Saturday 19 May 2018

Why was Jesus necessary, what did he do?

Christians need to be able to explain (mostly to themselves, but if possible to others) why Jesus was necessary - what Jesus did that God the Father could Not do.

Traditional explanations for this have never satisfied me - they seem incoherent, inadequate or orthogonal to the problem. So here is my attempt:


Jesus is what enables us to know - and to know 'as gods'.

Without Jesus, God and Reality are incomprehensible.

Now, it is a fact that some people either do not want to know about God, or else regard the desire to be intrinsically blasphemous - and Christianity Is Not For Them.


Christianity is for those who want to know God, for themselves, by direct personal experience...

Why? Why would or should people want to know God? What is the point?

Because Christianity is about us becoming fully Sons of God - that is, on a parity (not equality, not sameness - but of the same 'kind') with Jesus Christ.

To become Sons of Gods we must grow-up towards becoming 'a god' (because a Son of God is a god - small 'g' indicating the distinction from God who is The Father and Creator); and as part of becoming a god we must know in the same way as a god knows.

(We can't just follow instincts, we can't just obey - we must know, for our-selves.) 

Growing towards divinity is called theosis; but... not everybody wants theosis - and Christianity Is Not For Them.


What about our condition after death? In the first place, the Christian expects to be resurrected after death - to have an immortal body; but that is not an unique selling-point for Christianity.

For Christians there is more. When Jesus talked about Life Everlasting, he made clear that it was qualitatively better-than and different-from this earthly, mortal Life.

In the Fourth Gospel this difference is indicated in multiple comparisons relating to water, wine, bread, flesh/ body, blood and so on. For example, when Jesus explains to the Samaritan woman the difference between water from the well and the 'living water' he offers.

Thus, for Christians, after death they expect to be resurrected and for their state to be qualitatively greater than on earth; and to become gods.

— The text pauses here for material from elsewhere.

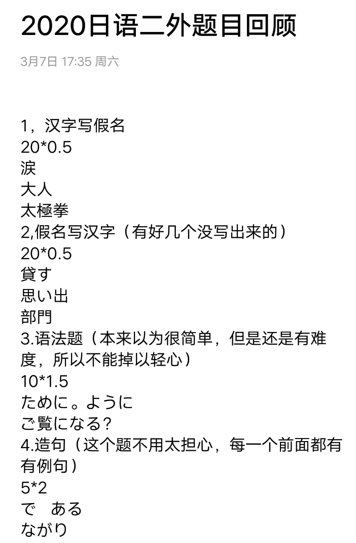 题目写的2020年的考题,其实是2019年的考生,2020年上学的年份。所以这份回忆是2019年12月21日的考题哦。 关于华工附近的衣食住行:建议有条件的同学先提前去了解一下。也可以当是参观华工哦!也可以看我发的2017年的帖子了解一下,但是三年过去了,或许已经发生了很大变化,大家可以加一些华南理工大学的群进行了解。 ...专业课考研资料 本站小编 免费考研网 2020-03-022020年日语专业四级题库【历年真题+章节题库+模拟试题】
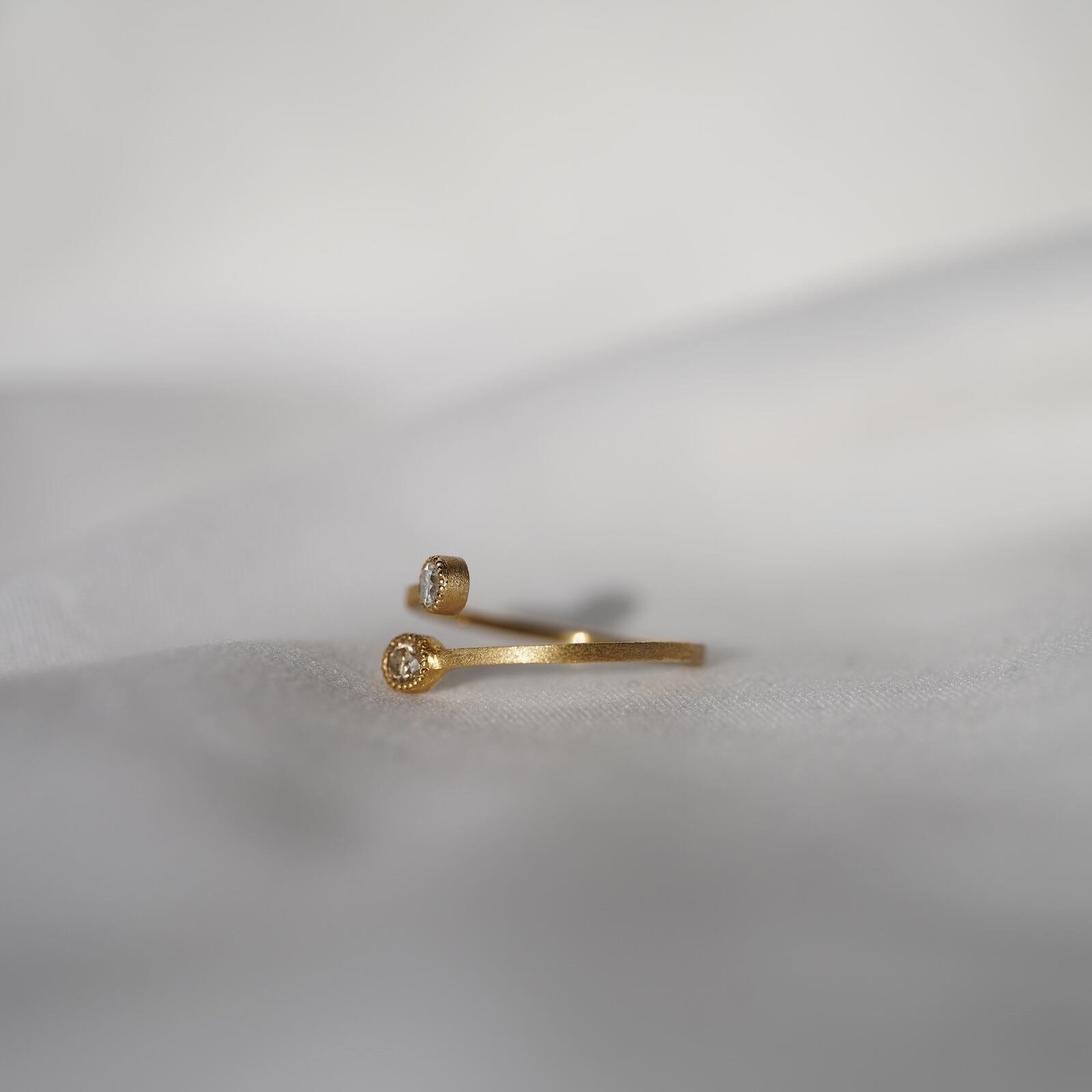 2つのダイヤモンドをミル留した魔法使いが着けていそうなK18のツインダイヤモンドリングです。

Not everybody wants this - some people want oblivion after death (permanent sleep); others want a life just like this earthly life, but with more of the pleasurable and none of the miserable aspects (i.e. Paradise). Others want to become a spirit - freed from a body. Others want to remain as-children. Others want to rest forever, in bliss - others to be assimilated-into God (Nirvanah). And Christianity Is Not For Them. 

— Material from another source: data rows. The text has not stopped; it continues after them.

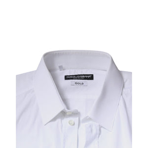Dolce & Gabbana White Cotton Long Sleeve GOLD Dress Shirt
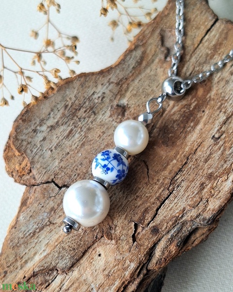 Kagylógyöngy medál acél láncon
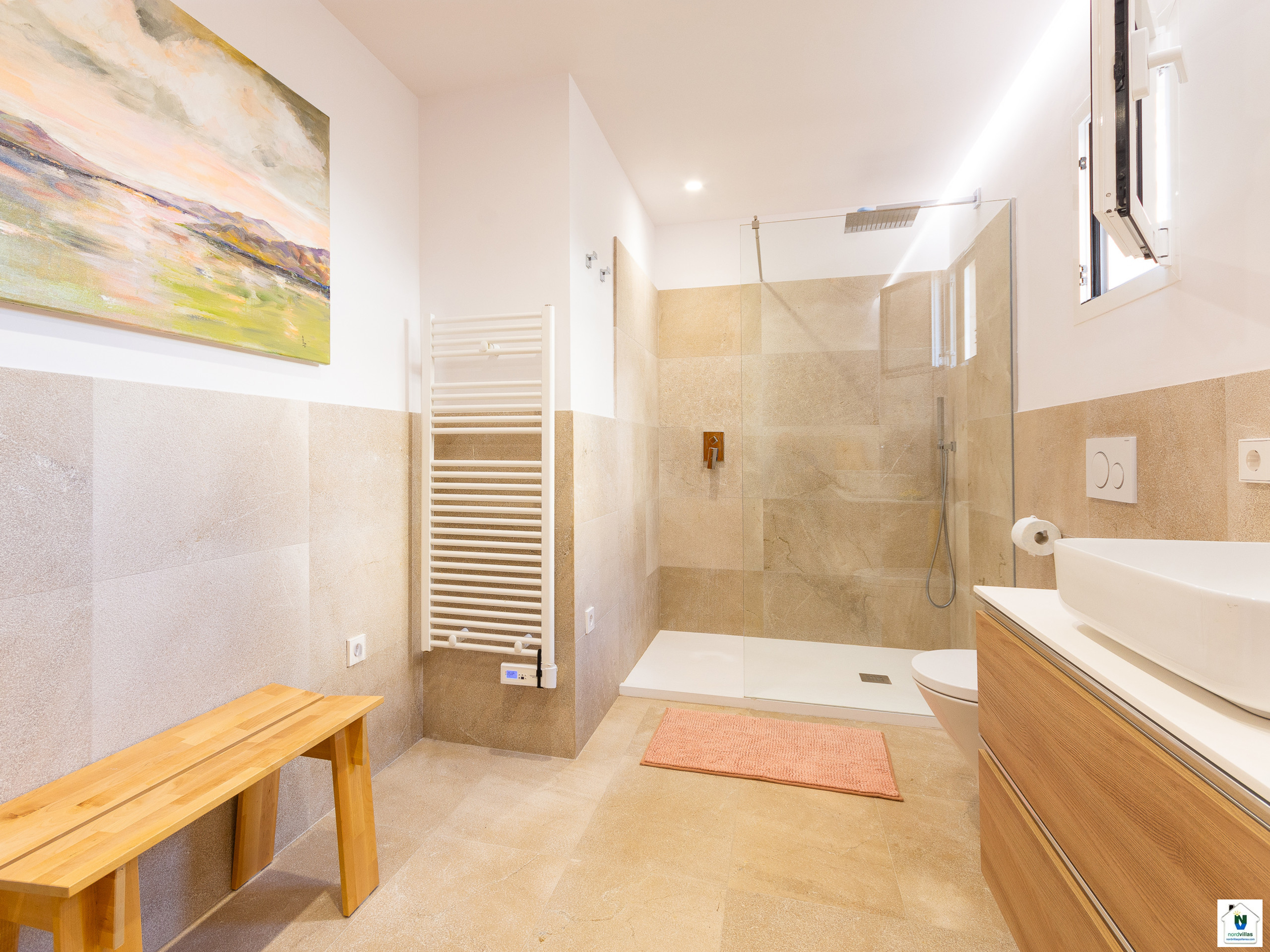 The villa has 4 bedrooms: two with single beds and two with double beds, one of them with an en-suite bathroom. A second bathroom, also with a shower, serves the rest of the property. For families with children, a cot and high chair are available upon request.
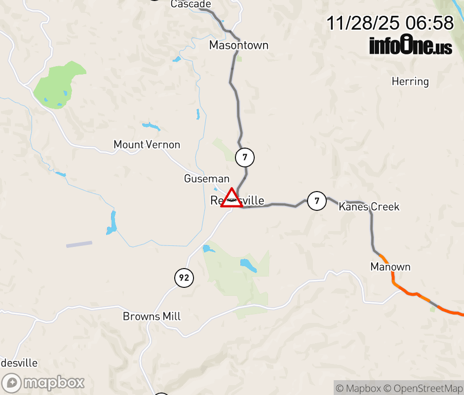 Vehicle Crash on WV-92 (Area of 7314 Kingwood Pike) in Reedsville. Updated: Fri 11/28/25 6:58 AM EST ![]() Updated: Fri 11/28/25 6:58 AM EST |
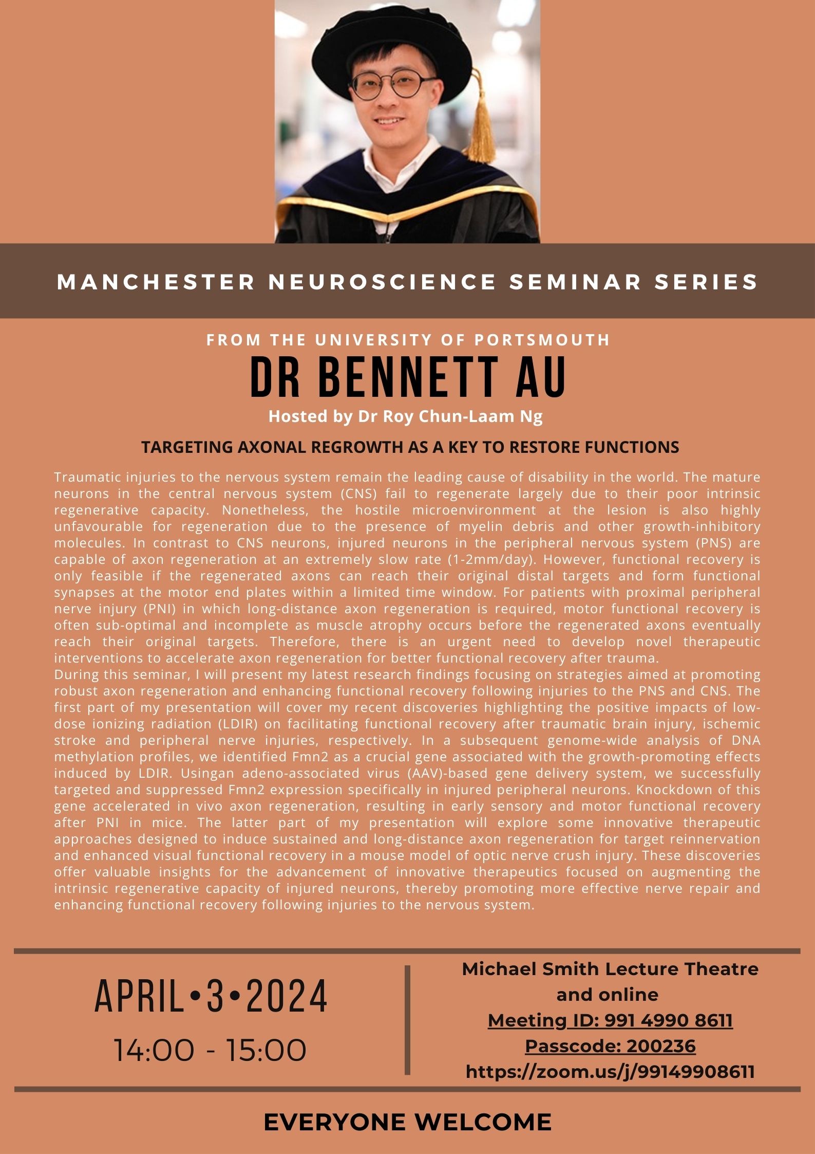 Manchester Neuroscience Seminar Series - Speaker: Dr Bennett Au from the University of Portsmouth

The point I feel I need to take seriously is that Jesus was an incision in reality; Jesus changed 'history'; changed The Universe forever - All things, everywhere, and for every-body after Jesus, are different from how they were before Jesus. He was a transformation.

We first need to understand this, and second to decide whether or not to 'join'.

Because Christianity is an opt-in religion. Unless you have actively-chosen to opt-in, you are Not 'in'.


(Of course this 'choosing' is not a mere matter of conscious psychology, like choosing a cake from a shop! Choosing is an alignment at the deepest level of objective reality. And this is something we need to recognise - that there such a things as real, objective, permanent reality - regardless of our state of mind or knowledge-of-it - and this is the level at which Christianity is operating.)